→ **MATERIAL PROVIDED**:
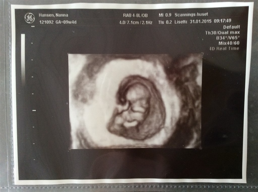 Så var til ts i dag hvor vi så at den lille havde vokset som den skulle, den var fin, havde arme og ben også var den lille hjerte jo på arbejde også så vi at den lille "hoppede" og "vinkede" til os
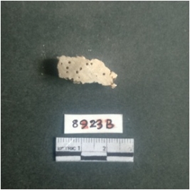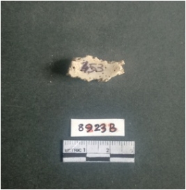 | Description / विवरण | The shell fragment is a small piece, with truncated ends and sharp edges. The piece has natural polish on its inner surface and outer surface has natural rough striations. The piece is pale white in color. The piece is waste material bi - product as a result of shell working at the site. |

...

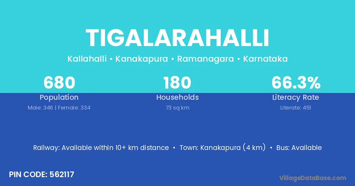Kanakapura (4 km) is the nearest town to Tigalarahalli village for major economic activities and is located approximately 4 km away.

→ **REQUIRED WORK**:
In the listing above, find the line containing "Så var til ts" and the line containing "the site. |", then write out both of them and every line between, exactly, with no pictures.

→ **TASK RESPONSE**:
 Så var til ts i dag hvor vi så at den lille havde vokset som den skulle, den var fin, havde arme og ben også var den lille hjerte jo på arbejde også så vi at den lille "hoppede" og "vinkede" til os
 | Description / विवरण | The shell fragment is a small piece, with truncated ends and sharp edges. The piece has natural polish on its inner surface and outer surface has natural rough striations. The piece is pale white in color. The piece is waste material bi - product as a result of shell working at the site. |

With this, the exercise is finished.